Limites au contrôle de la constitutionnalité La doctrine de la justiciabilité La justiciabilité est une "doctrine [...] fondée sur une préoccupation à l'égard du rôle approprié des tribunaux en tant que tribune pour résoudre divers genres de différends" Operation Dismantle Inc. c. La Reine, [1985] 1 R.C.S. 441. Une question est non justiciable des tribunaux si elle met en cause "des considérations morales et politiques qu'il n'est pas du ressort des tribunaux d'évaluer". La retenue judiciaire Les tribunaux refusent généralement de se prononcer sur des questions devenues théoriques soit en raison d’un changement législatif, soit en raison de la disparition du litige entre les parties qui avait donné naissance à l’action. La divisibilité de la législation Une loi ou une disposition législative pourra être invalide en partie seulement, les dispositions non touchées resteront valides. L’interprétation atténuée Il est acquis qu’en présence de deux interprétations possibles, il faut préférer celle qui est conforme à la constitution.
Les modalité du contrôle judiciaire (le procès constitutionnel) Les grands types de procès à incidence constitutionnelle: Les procès "ordinaires", fondés sur l'art. 52 de la LC 1982. Les procès portant sur l'art. 24 de la LC 1982. Les "références" ou "renvois" constitutionnels. Ces procès portent sur la détermination de la conformité ou non d'une règle de droit à la LC : soit au chapitre du partage des compétences législatives soit au chapitre de la CCDL soit à une autre disposition de la LC Avant 1982 tous les procès en inconstitutionnalité étaient fondés sur le arts.2 et 3 du Colonial Laws Validity Act , maintenu en vigueur pour le Canada par l'art. 7 du Statut de Westminster.

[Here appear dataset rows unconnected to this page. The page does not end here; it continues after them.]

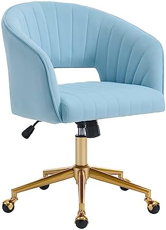 View full detailsHome Office Chair Swivel Velvet Desk Chair Accent Armchair Upholstered Modern Tufted Chairs with Gold Base for Girls Women Ergonomic Study Seat Computer Task Stools for Living Room(Blue)
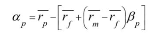 αp = difference of return from the amount required by investors rp = return of the portfolio rf = risk-free rate of return rm = return of the market - may be given **_“market premium”_**, which is (rm-rf) βp = Beta of the portfolio being measured
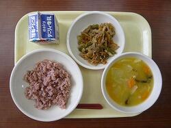今日の給食は11月24日の和食の日にちなんで日本の伝統食である赤飯で、「赤飯、ご汁、れんこんきんぴら」でした。今日もおいしくいただきました。ありがとうございます。
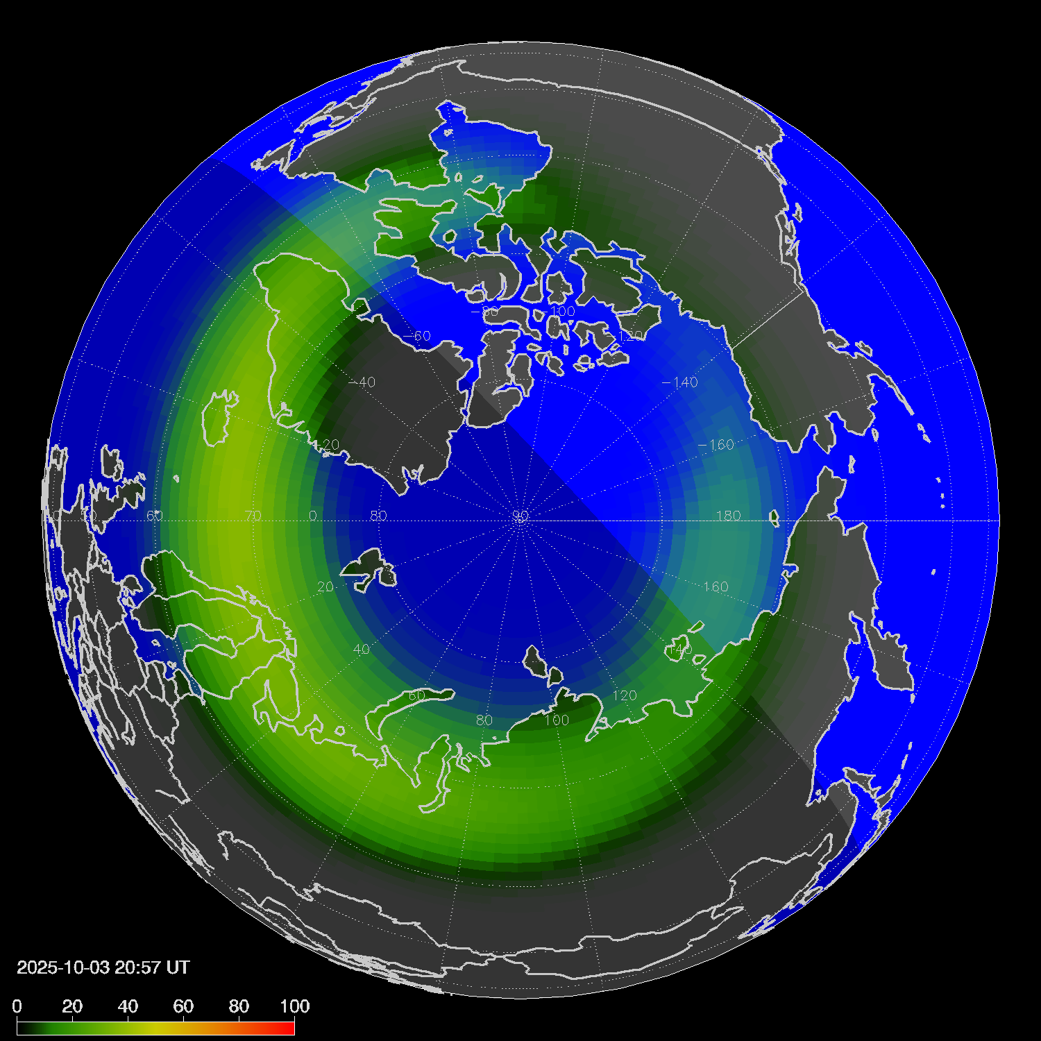 Зона полярных сияний в северном полушарии
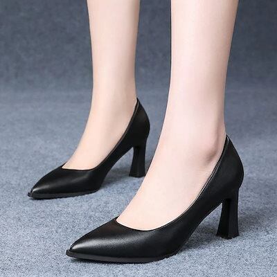 メガ割 韓国ファッションヒールパンプス 甘皮滑り止め単靴ワーキングシューズ黒マナー職業面接ハイヒール中ヒール通勤靴
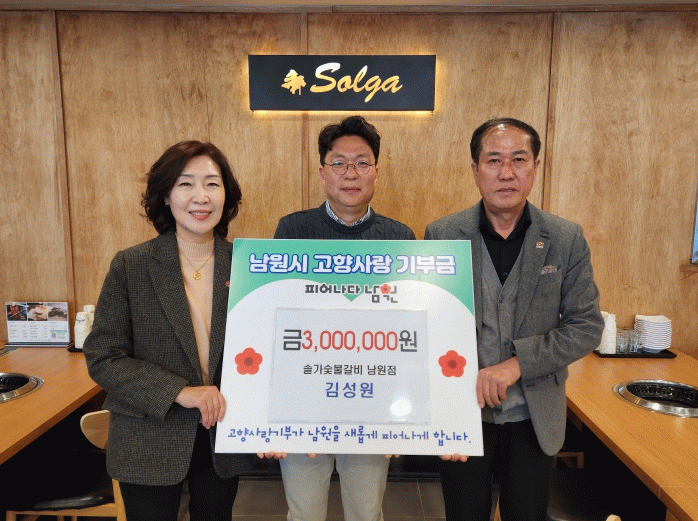 김성원 대표는 올해 1월 25일부터 왕정동 일원에서 솔가 남원지점을 개업해 운영하고 있으며, 남원과의 소중한 인연을 계기로 지역에서 받은 사랑을 고향사랑기부금으로 환원하고자 한다고 밝혔다.

Les modalités du contrôle judiciaire Tout litige peut donner lieu à une objection d’inconstitutionnalité. Seules les décisions émanant des tribunaux supérieurs sont opposables. C’est une objection ordinaire, elle n’est pas d’ordre public. Elle peut être soulevée chaque fois qu’elle se pose; à toute étape de la procédure; à titre principal ou incident. Tout demandeur doit avoir l’intérêt pour agir c’est-à-dire, un intérêt distinct dans un litige né et actuel. (Ministre de la Justice (Can.) c. Borowski [1981] 2 R.C.S. 575 ) Lorsque des objections constitutionnelles sont soulevées, les procureurs généraux doivent être mis en cause : 95 Cpc, 53(5) Loi sur la Cour Suprême.